朝8時に起きる。腹が減っている。いつだか知人が買ってきて、密封せずに放置している揖保乃糸に、この状態で放置してると虫が寄ってくるじゃないかと腹を立てつつ、一把だけ茹でて食す。一把では物足りず、魚肉ソーセージも一本食す。読書メモを書き記しているうちに知人が起きてきて、整骨院に出かけてゆく。僕も入れ違いで整骨院へ行き、12時半、近所の蕎麦屋の前で知人と待ち合わせ、二人ともカレー南蛮を食べた。

 ビールを飲んだこともあり、アパートに戻ったあとでコーヒーを淹れた。15時過ぎにアパートを出て恵比寿に出て、友人のA・Iさんと待ち合わせ。まずは喫茶店へ。僕はカフェラテを、Aさんはいちごフレーバーと生クリームが溶け合った、見ているだけで胸焼けしそうな飲み物を注文している。まだアルコールが残っている感じがするとAさんは言う。昨晩は新宿の沖縄料理屋でAさんと飲んでいて、結構な量の泡盛を飲んだ。確かに、昨晩のうちから「今日は珍しくAさんが酔っ払っているな」と感じていて、それを密かに嬉しく感じていた。いつも僕が酔っ払っているばかりで、酔っ払いというのは不思議なもので、自分だけが酔っ払っているのでは少し寂しく感じてしまう。

 酒を飲まないでいるせいか、あるいはこのあとに観るライブのことでそわそわしているのか、いつもより会話は弾まなかった。17時45分、又吉さんが主催を務める『絶景たち』というコントライブを観るべく、「シアター代官山」。会場に着いてみると、僕にとっては兄貴のような存在であるM・Hさんがいて、ご挨拶。ちょっと時間があったから、角打ちに寄ってきたのだとMさんは言う。たしかにビールの匂いがして、ちょっと羨ましくなる。

 18時過ぎ、ライブが始まる。オープニングにナンバーガールの未発表曲「モータウン」が流れ、おお、となる。印象的だったコントをいくつか挙げると、まずは「夫婦」。舞台上には夫と妻。「二人で過ごすなんて久しぶりね」と語る妻は、結婚してからの時間を振り返り、「なんの不満もない20年でした」と語る。ふふふと笑い合う夫婦は仲睦まじく、いかにも幸せな夫婦の姿なのだが、そこには不穏さがある。何よりこの夫婦というのは巨大なロボットの姿をしている。いや、外観以上に、あまりにも絵に描いたような幸せが、不穏さを感じさせる――そう感じていたところに、ロボットの中から男が半分姿をあらわし、「誰か! 助けてくれ!」と叫び出す。男は知らないうちにそこに取り込まれていたようだ。それでも夫婦の会話は続き、男は「頭おかしくなるよ!」「誰か! 人間いないか、人間!」と喚く。こう分析してしまうのはとてもつまらないことかもしれないけど、絵に描いたような幸せを語り合う夫婦がロボットのような外観をしているというのは、その「人間」観があらわれている。

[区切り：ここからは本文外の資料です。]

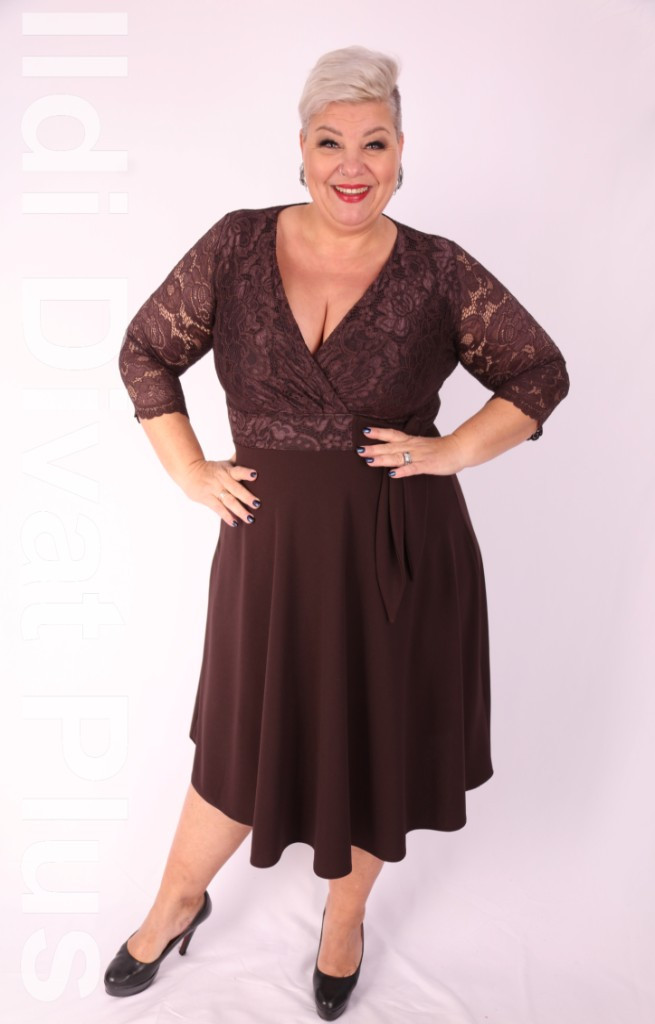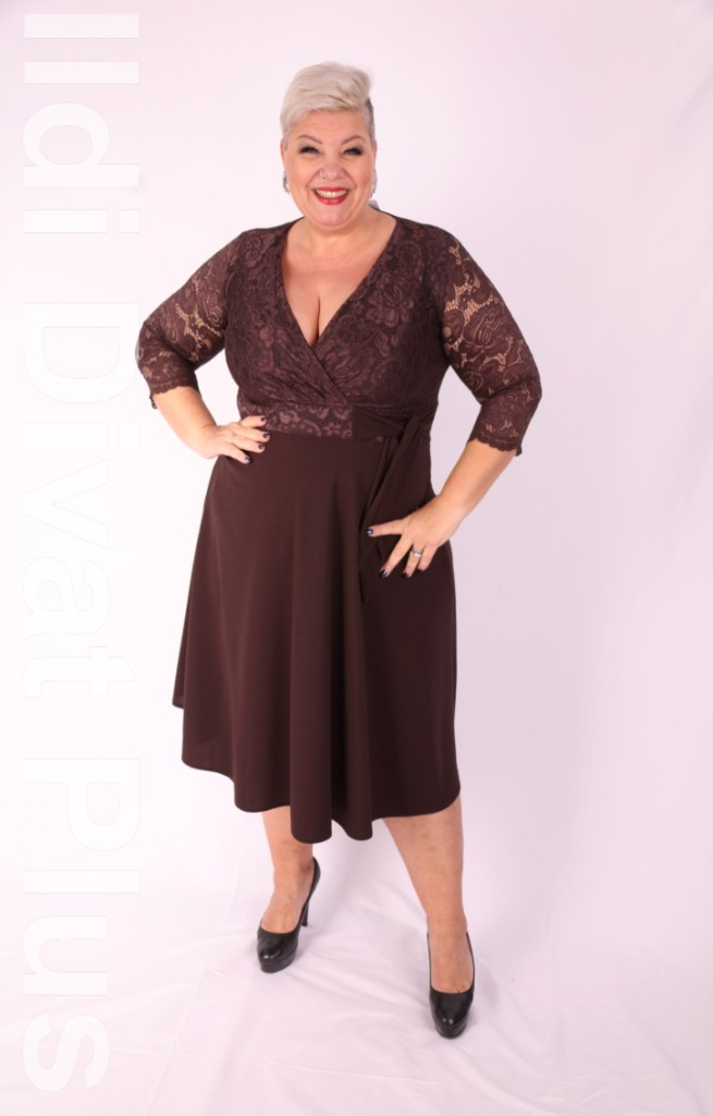 Zita barna 3/4 ujjú csipkés tetejű A vonalú ruha.
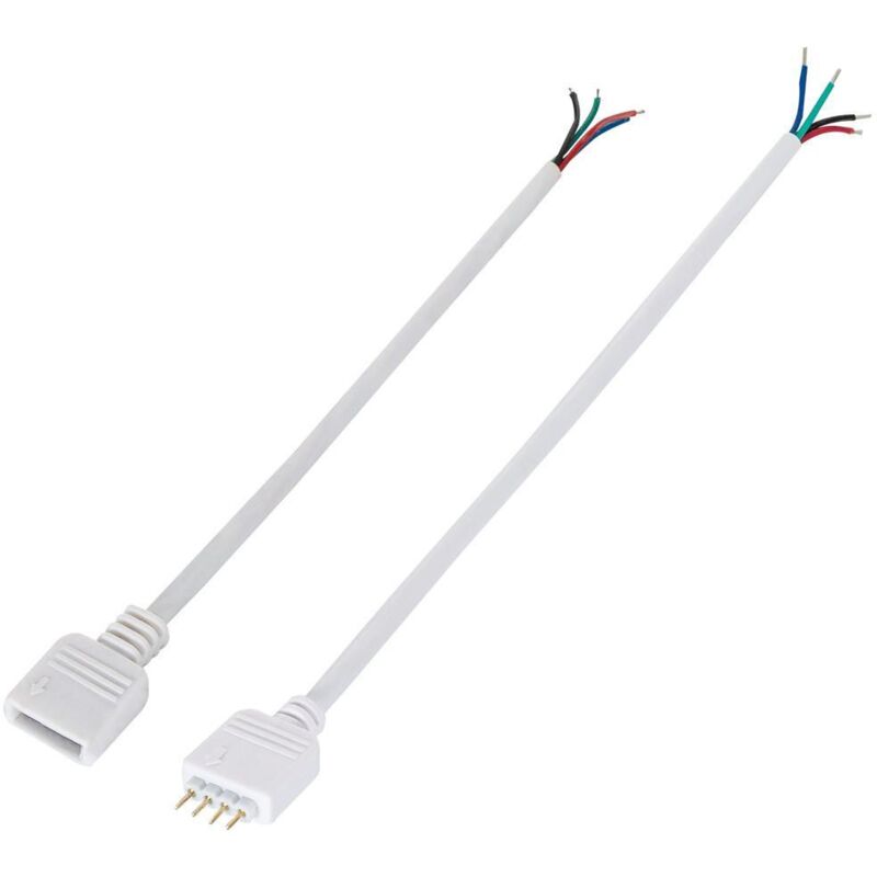 Kit composto da due cavi di connessione rapida, uno con connessione maschio e l'altro con connessione femmina, necessari per la connessione di una striscia LED RGB di 4 pin. SCHEDA TECNICA: Dimensioni: 6x14x300 mm Certificati: CE & RoHS,UKCA Garanzia: 3 Anni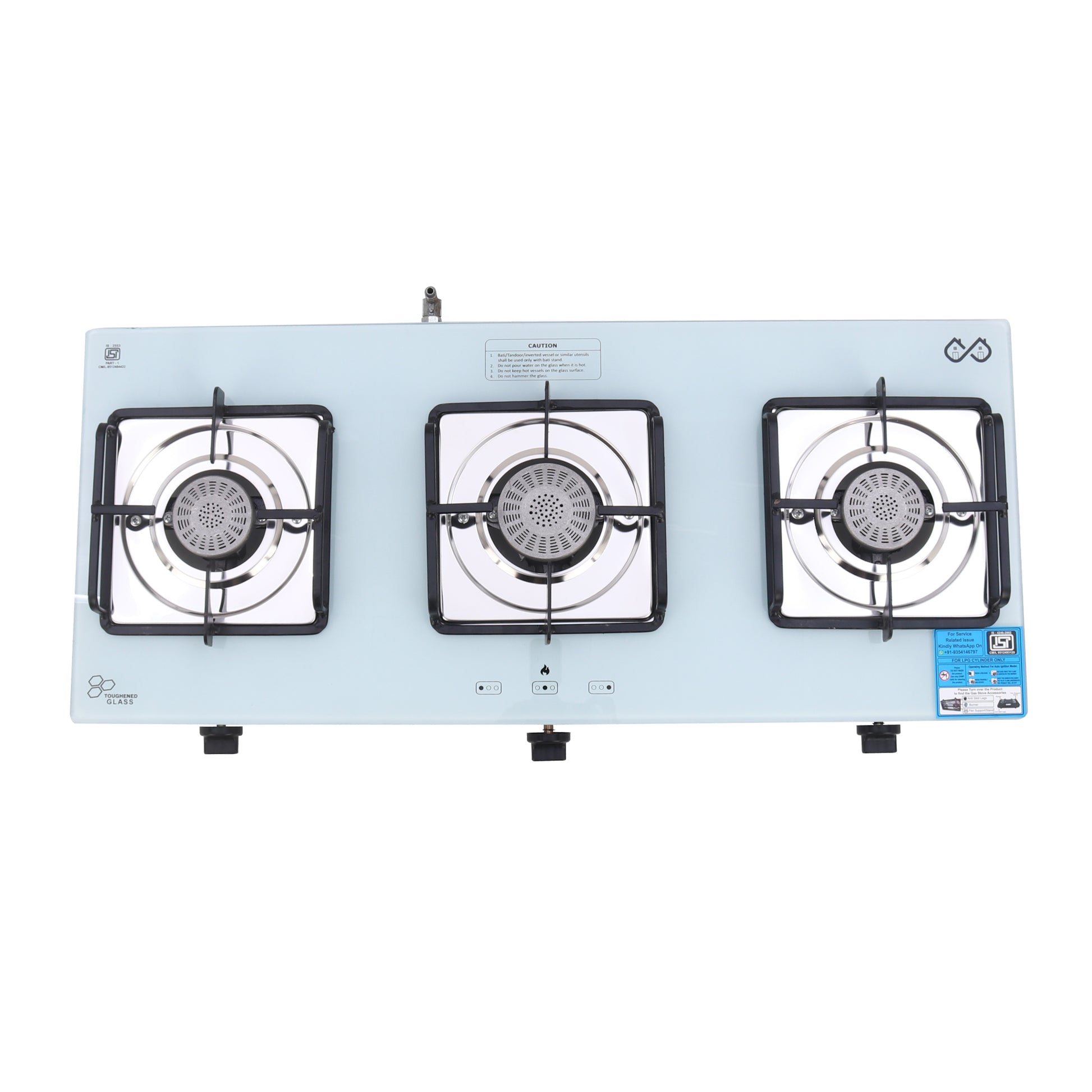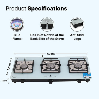 Gas Stove 3 Burners: ISI Certified Tornado Burner | Glass Cooktop | White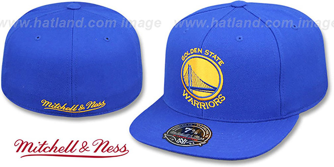 Authentic wool fitted hat by Mitchell & Ness with original cut and flat brim, royal blue crown and visor with light grey undervisor, embroidered team logo on front, Mitchell & Ness script embroidery on back. This Golden State Warriors hat is made by Mitchell & Ness and is licensed by the NBA National Basketball Association.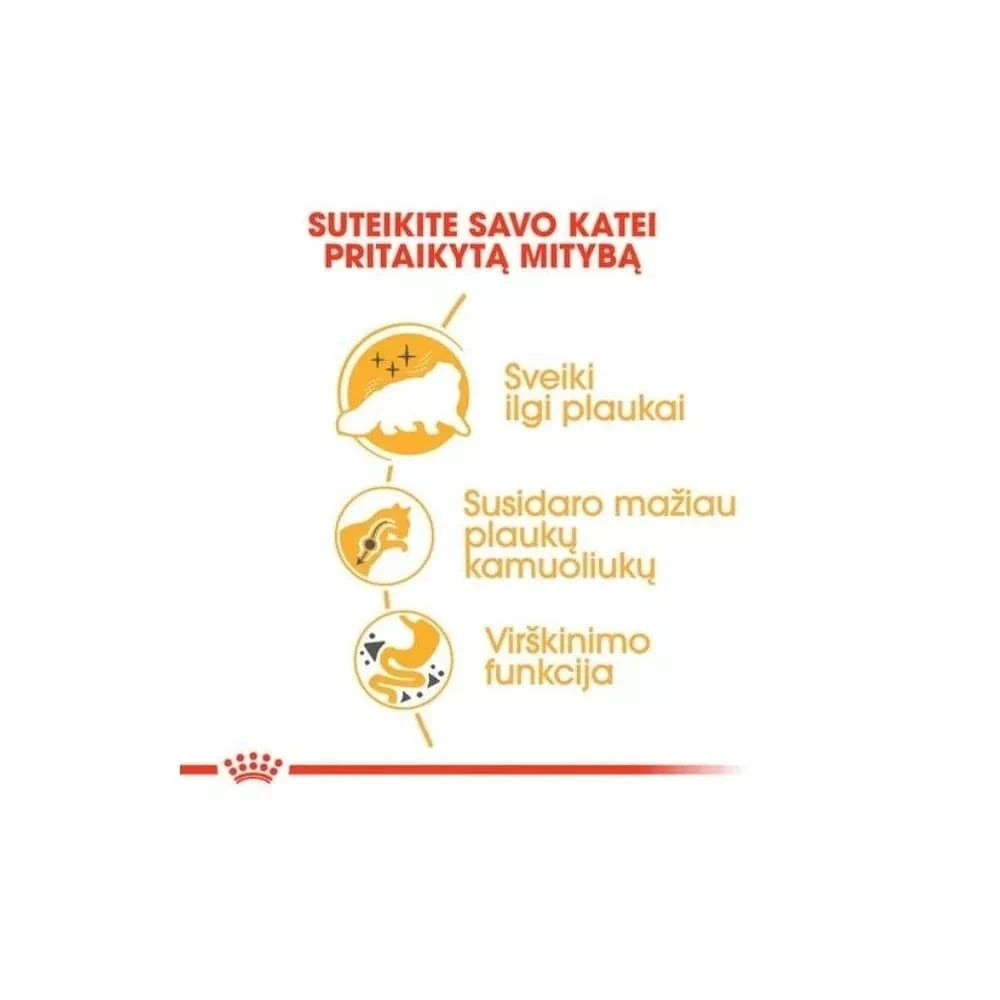 Persų katės garsėja savo įspūdingu, ilgu ir švelniu kailiu, kuriam reikia ypatingos priežiūros ne tik išoriškai, bet ir mitybiškai. Šis Royal Canin maistas praturtintas specialiu maistinių medžiagų kompleksu, įskaitant Omega-3 ir Omega-6 riebalų rūgštis. Šios gyvybiškai svarbios medžiagos padeda stiprinti odos apsauginį barjerą, palaikyti jos drėgmės balansą ir skatinti sveiką plaukų augimą. Rezultatas – stipresnis, blizgesnis ir mažiau besišeriantis kailis, atspindintis Jūsų katės sveikatą ir grožį iš vidaus.
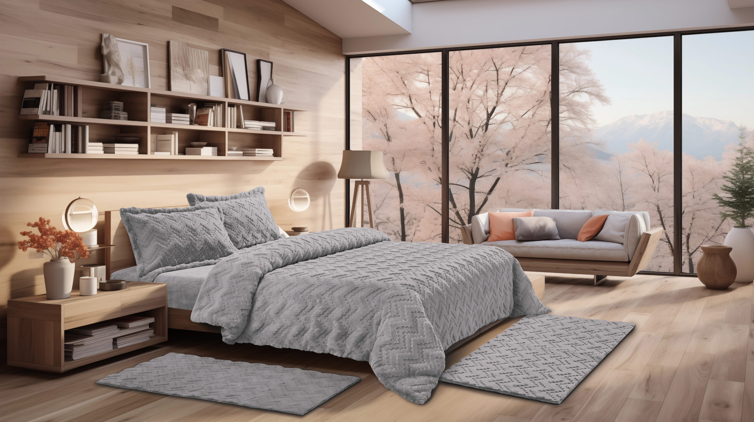 מערכת מצעים חורפית עשירה ויוקרתית בעיצוב מודרני וחדשני. הסט מעוצב בהדפסה ייחודית של צבעים חורפיים על גבי דוגמה עכשווית ומתוחכמת מובלטת בבד. הסט עשוי מבדי דמוי פרווה נעימה רכה ומלטפת בצבעים חמים במיוחד לימי החורף הקרים.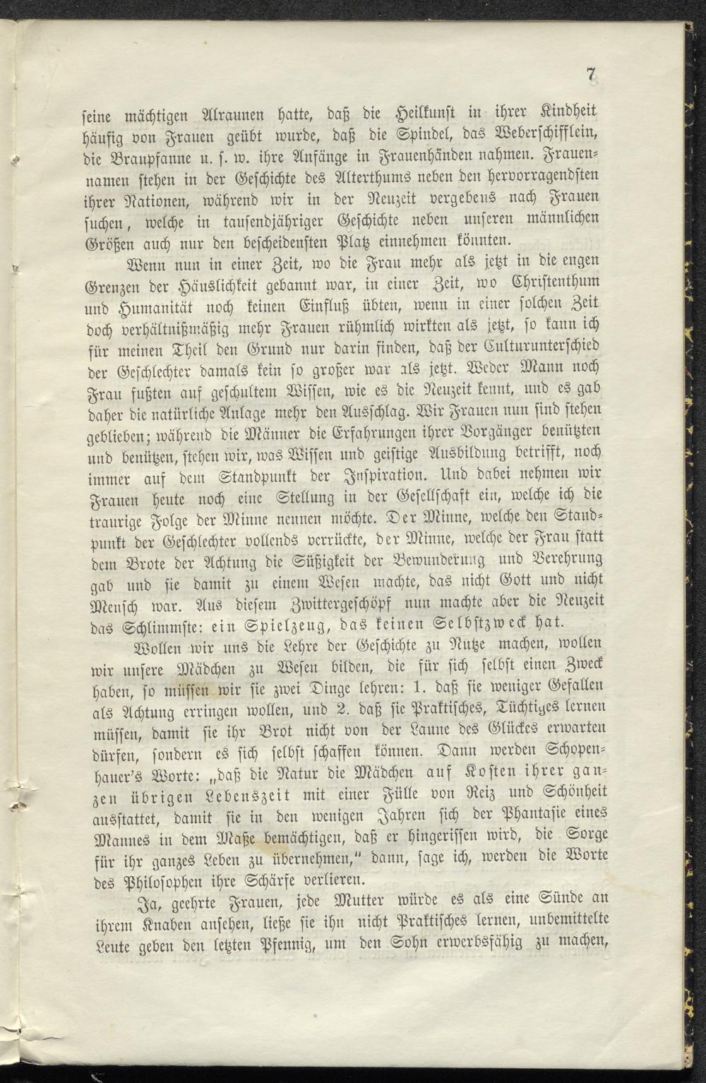 Wollen wir uns die Lehre der Geschichte zu Nutze machen, wollen wir unsere Mädchen zu Wesen bilden, die für sich selbst einen Zweck haben, so müssen wir sie zwei Dinge lehren: 1. daß sie weniger Gefallen als Achtung erringen wollen, und 2. daß sie Praktisches, Tüchtiges lernen müssen, damit sie ihr Brot nicht von der Laune des Glückes erwarten dürfen, sondern es sich selbst schaffen können. Dann werden Schopenhauers Worte: „daß die Natur die Mädchen auf Kosten ihrer ganzen übrigen Lebenszeit mit einer Fülle von Reiz und Schönheit ausstattet, damit sie in den wenigen Jahren sich der Phantasie eines Mannes in dem Maße bemächtigen, daß er hingerissen wird, die Sorge für ihr ganzes Leben zu übernehmen," dann, sage ich, werden die Worte des Philosophen ihre Schärfe verlieren.
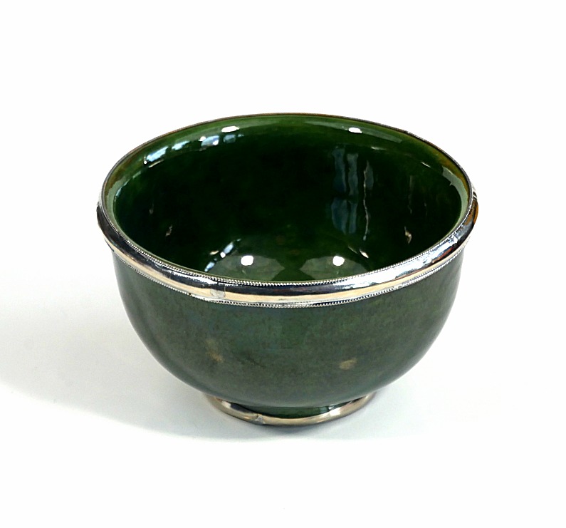 Bol moyen en poterie marocain de couleur vert foncé émaillé et cerclé de métal argenté

 もう一つ印象に残ったのは「とんだ」。こちらは阪神が優勝した日、四人の男が道頓堀を見物に出かけるところから始まる。四人には共通点があり、それはヨコイという男に金を貸していることだ。彼らは道頓堀に飛び込むヨコイを見つけて、借金を返せと詰問。だいたい借金してるやつが道頓堀にくるか、自分だったら我慢して家でテレビで観て済ませると批判する。「じゃあ借金してる人は日常の楽しみは許されないのか」と反論する。その反論の部分は、又吉さんの核にある感覚だろう。それを小説に書けば『劇場』になり、コントという形に落とし込むのであればこの「とんだ」のようになるのだろうなと思った。そして、その正論に対する「そんなことを言ってるお前はなんやねん」という目線を含めて描いてしまうところも含めて、とても又吉さんらしいなと感じる。何より、どのコントにも、根底に「そして人生は続く」という感触があったことを、好ましく、あるいは頼もしく感じる。

 ただ、ライブが終わった直後はそんなふうにうまく言葉を語ることができなかった。ライブは2時間半にわたり、すっかり空腹になってしまっていた。会場を出たあとでAさんに最初に伝えた言葉は「はらへった」で、橋本さんがそんなこと言うなんて珍しいですねと言われる。飲み屋に行く前にコンビニに寄らせてもらって、わかめごはんのおにぎりを頬張る。昨晩はまだ夏だったのに、今日は涼しい風が吹いていて、あっというまに季節が変わってしまった。例によって「たつや」に入り、僕はホッピーを、Aさんは白ワインを飲んだ。感想を語っていると、「やっぱりハシモトさんは答えを持っている人ですね」とAさんが言う。